Like talking after lights out. Everyone did it every night but it was against the rules, so if a house prefect was bored or in a bad mood or felt like some physical activity, he'd burst into a junior boys' dormitory and "call out" all those talking.
Amazingly, given these exercises were usually fishing expeditions, there was always a good turnout: the chatterboxes would plod out to the locker room and take their punishment. Unless the prefect or teacher concerned was particularly skilled and/or sadistic, corporal punishment soon lost its sting so a shoeing was preferable to getting mocked by your peers for weaseling out.
These rituals aside, the prefects out-sourced the administration of house discipline to the fourth years. The dreaded summons to their common room meant that you'd shown up on the radar of their disapproval - in my case for not rolling my shirtsleeves up far enough - and now you were going to pay for it.
It wasn't entirely gratuitous. The fourth years took their role seriously. Just as Chairman Mao believed political power came out of the barrel of a gun, the fourth years believed a strong house spirit and the achievements which flowed from that didn't happen by accident: everyone did their bit because they were acutely aware of the consequences of being seen to be recalcitrant, faint-hearted or full of yourself.
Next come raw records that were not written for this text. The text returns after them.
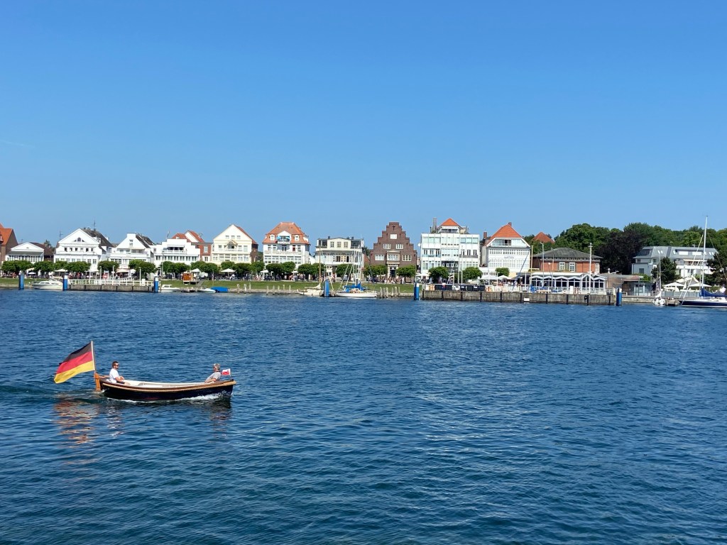 Wir starten unsere Tour in der Ferienanlage Priwall Waterfront. Entlang der Priwall Promenade gehen wir Richtung Fährvorplatz. Das rege Treiben auf der Trave lässt sich auf dem kleinen Wegstück hervorragend beobachten. Vom Fährvorplatz aus gelangen wir zum Seglerhafen, dem ersten kleinen Highlight der Tour. Fest vertäut liegen dort prachtvolle, große und kleine Segelboote im Hafenbecken.
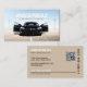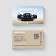 Die Black Car Rental Service Brown Business Card bietet einen malerischen Blick auf einen Wagen, der mit der weißen stilisierten Typografie des Firmennamens übereinstimmt, während sich im Hintergrund die braune Pflasterfarbe mit allen Details des Geschäfts widerspiegelt. Hinzu kommt ein QR-Code, der heute mit dem Marketing-Trend behalten wird.
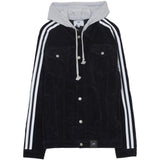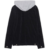 Veste en velours côtelé Sixth June pour homme avec des bandes en satin bicolores le long des manches. Coupe ajustée, poche latérales, poches poitrine à revers avec bouton et poche intérieure, ouverture avec bouton aux poignets, capuche inspiration sweatshirt non amovible et col à revers. Modèle noir avec capuche grise.
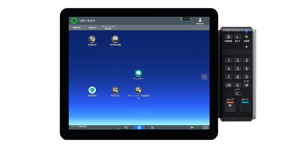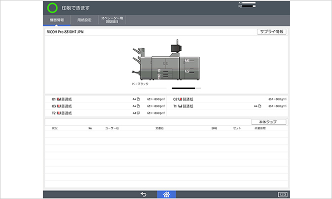 オペレーションパネルのトップ画面上にジョブ情報、各給紙トレイの用紙情報やトナー残量を表示しています。他の作業をしながらでもマシンの状態が一目でわかるため、オペレーションがさらに効率的になりました。
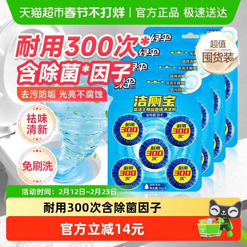 📚 绿伞洁厕剂蓝泡泡50g*5块*4卡洁厕精马桶清洁剂洁厕灵洁厕液
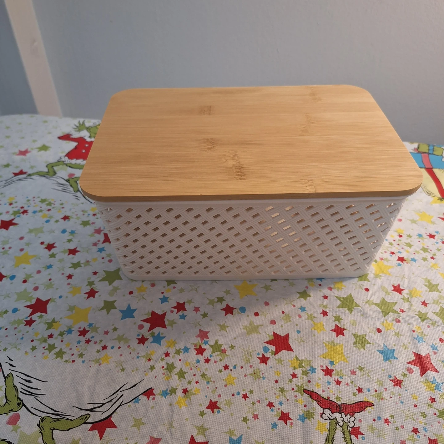Keep your space tidy with this cream white plastic storage basket! It comes with a stylish bamboo lid. It's ventilation-friendly and stackable, making it perfect for any room. The dimensions are approximately 10.02" x 7.19" x 4.24".
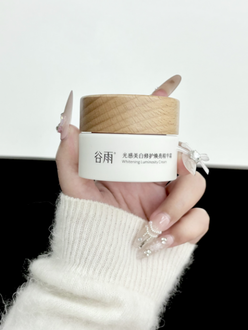 使用体验:谷雨美白油霜呈奢润羊绒质地,掌心预热3秒即融霜化油,延展性极佳,涂抹后迅速成膜,吸收快且不油腻。使用后肌肤触感柔润饱满,干燥起皮即时缓解,无厚重黏腻感。连续使用一周,肌肤滋润度显著提升,暗沉与泛红明显改善,适合夜间密集修护或秋冬全天使用。

I remember one generation of fourth years - a notably tough mob with a strong farming influence - getting fired up over the shambolic rehearsals for the inter-house music competition, which involved individual and group performances topped by the whole house mangling some well-known song.
The fourth years felt the house song lacked gusto so each year group was hauled into their common room and raucously threatened. The message was clear: this isn't our thing but we're going to give it a crack; we mightn't win but, by Christ, we'll be the loudest. Or else.
The problem with seniority, as with all authoritarian systems, was that it was so open to abuse that abuse was inevitable. You do it because you can.
I narrowly avoided a generation who were a byword for elaborate cruelty. A favourite torment was to blindfold a victim, stand him up on a ping pong table, put a noose around his neck, throw the rope over a rafter and pull it tight. Then very quietly and carefully so that the victim didn't realise he was no longer almost two metres off the ground, they'd lift the table off the trestles and lower it to within centimetres of the floor. Then they'd order the poor bugger to jump.
Bear in mind that nothing in their previous behaviour or demeanour would have encouraged the victim to think they gave two hoots about his welfare or indeed existence.
The most reprehensible aspect of seniority was that those best-equipped to withstand it - robust, sporty, popular boys - tended to get off lightly, while those most vulnerable - the physically and emotionally fragile, the different - tended to get singled out.
The most insidious aspect of seniority was that it was self-perpetuating. When you were on the receiving end, you consoled yourself with the thought that one day it would be your turn. To forgo your turn when it eventually came around required a saintliness one doesn't associate with the teenage male.
I'd suggest there's one key difference between seniority as I experienced it and the hazing that was reported this week. Back then New Zealand was a patriarchal society: many boys were sent to King's because their fathers wanted the school to make a man of them. By and large, King's took the fathers at their word.
We now live in a world in which mothers insist on leaving it to nature to make men of their little boys.